GREAT THINGS ENTERPRISE
CLAUDE BLACK
Mark 11:12

He Was Hungry
Occasionally, one can glimpse the essence of another person through something he or she does or says. I’ve been married to Alice for sixty-four years, and I dated her for three years during high school before we married. Yesterday, she made a comment—a seemingly off-the-cuff remark—that gave me a new insight into Alice as a person. I told her she never ceases to amaze me; I still have much to learn.
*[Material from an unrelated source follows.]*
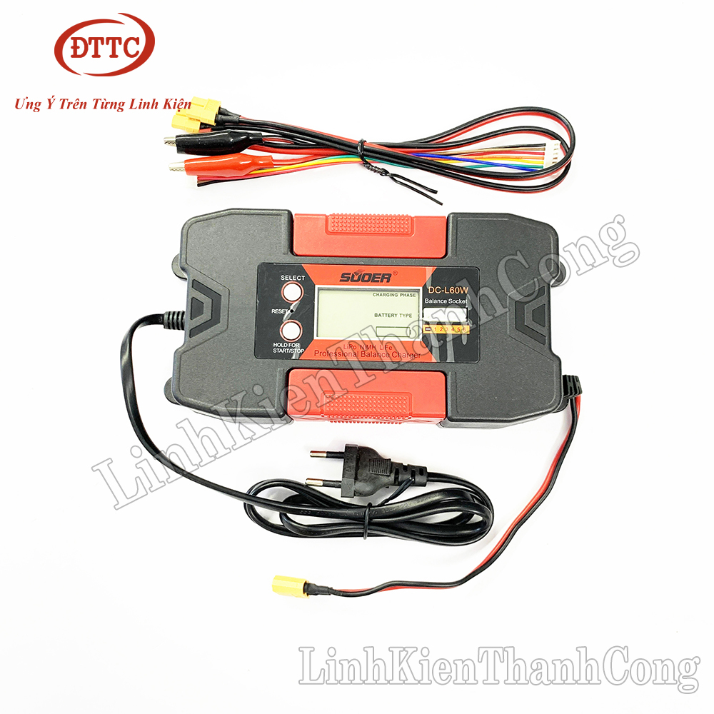 - Sạc Pin Đa Năng SUOER DC-L60W 2.8V-25V là thiết bị được thiết kế để cung cấp nguồn điện phù hợp, phục vụ cho việc sạc các loại pin Lithium Polymer, pin Lithium LiFeO4,pin NiMH.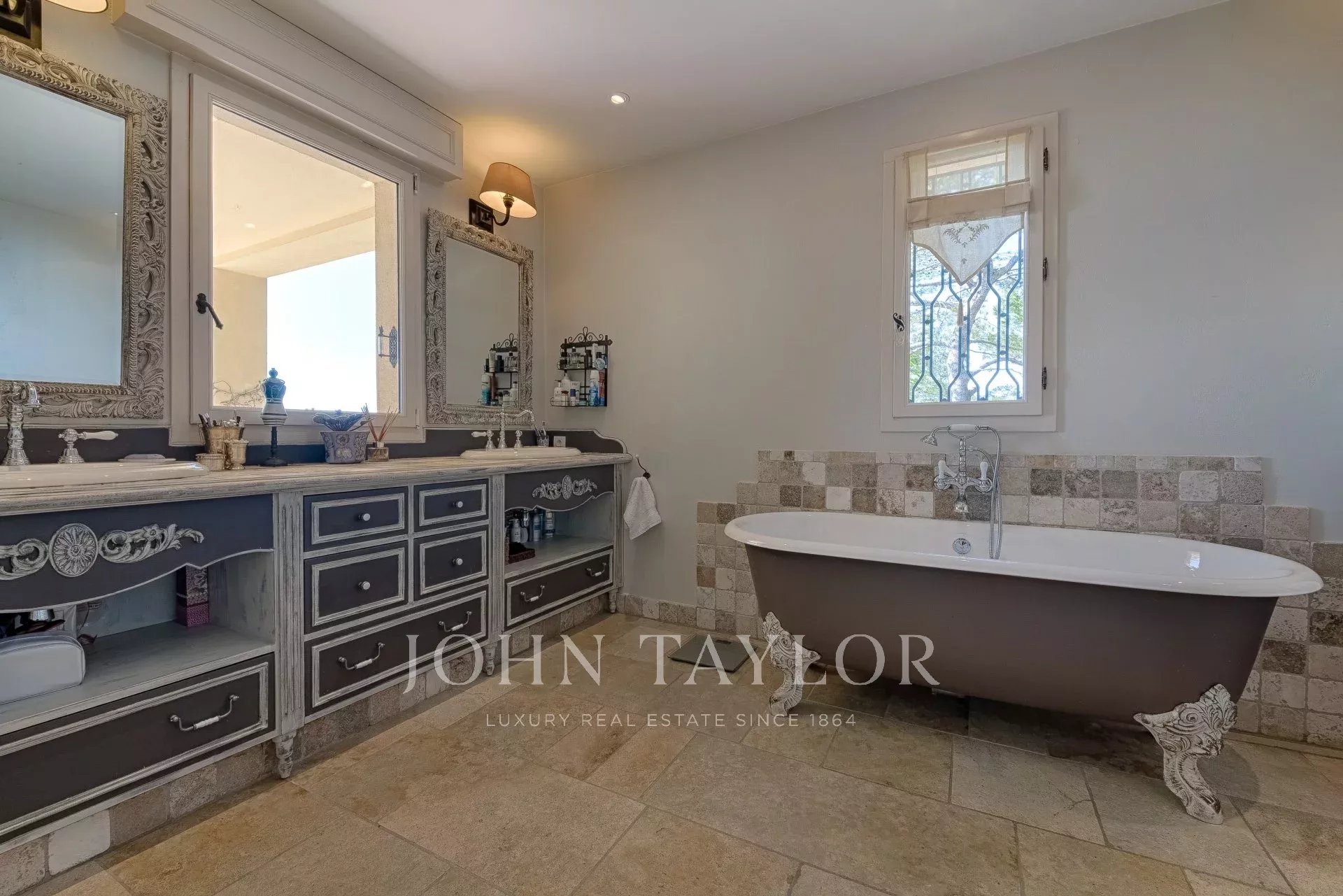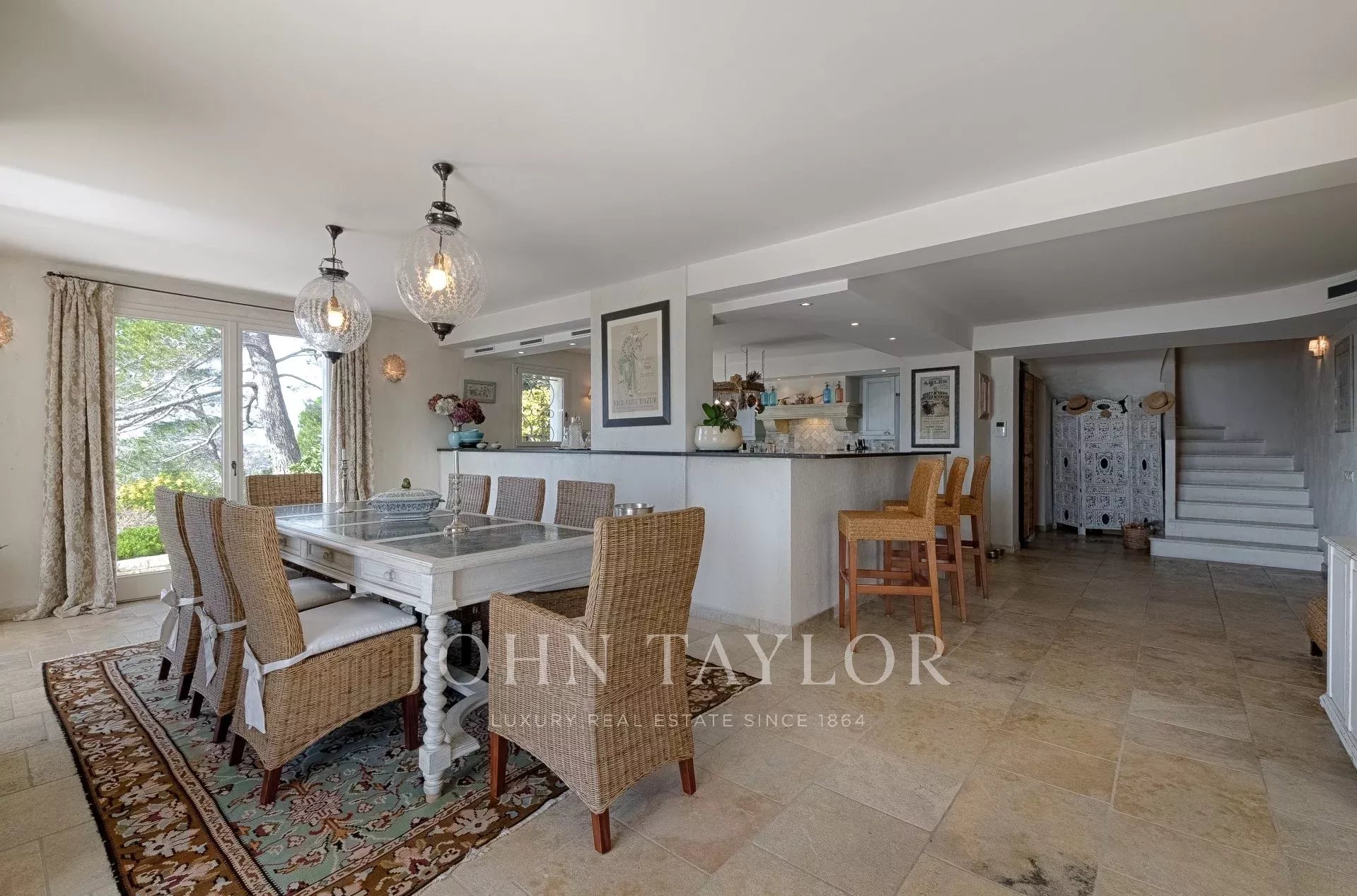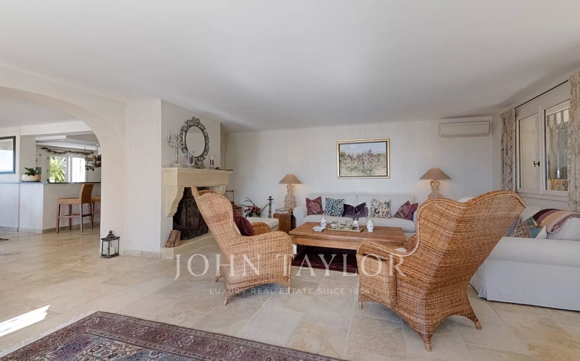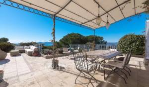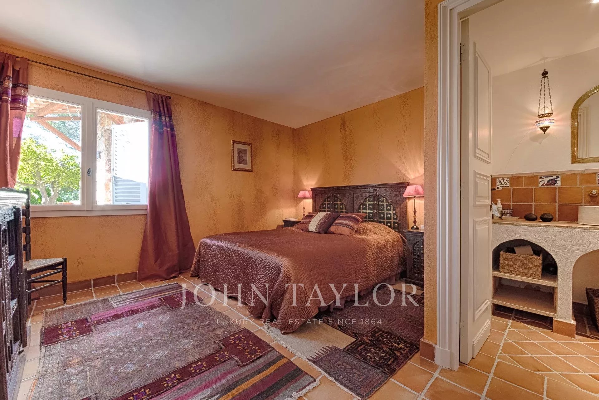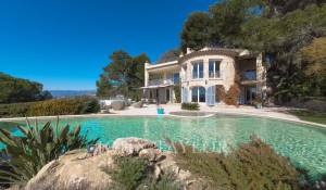 En las alturas de Cannes, hermosa y amplia villa climatizada de 350 m2 de superficie habitable sobre un terreno de 2.000 m2 que goza de vistas panorámicas sobre la bahía de Cannes y el macizo del Esterel.

I worked under a plant superintendent named Jess for nearly three years while I was in high school. I was his “fair-haired” boy—or, more accurately, his gopher. Our relationship was strictly professional. However, one day, as we ate, he offered me a piece of cake from his lunch. He said that if he took it home, his wife wouldn’t pack any more cake in his lunch. That was an ever-so-brief glimpse into Jess, the man, the husband.
In the Gospels, the writers occasionally provide a glimpse into Jesus the man. Mark does this in one instance: “And on the following day, as they left Bethany, he was hungry.” (Mark 11:12) Amid the magisterial story of the Son of God becoming incarnate, dying, and rising again, Peter remembered to tell Mark that Jesus was hungry—and the word Mark used could be rendered “famished,” reflecting a common human experience.
Some tend to ascribe characteristics to Jesus that make him seem more than human, but he could stub his toe and feel pain like anyone else. Mark’s brief portrait reminds believers that Jesus, the Son of God, was also the Son of Man—he was truly very hungry.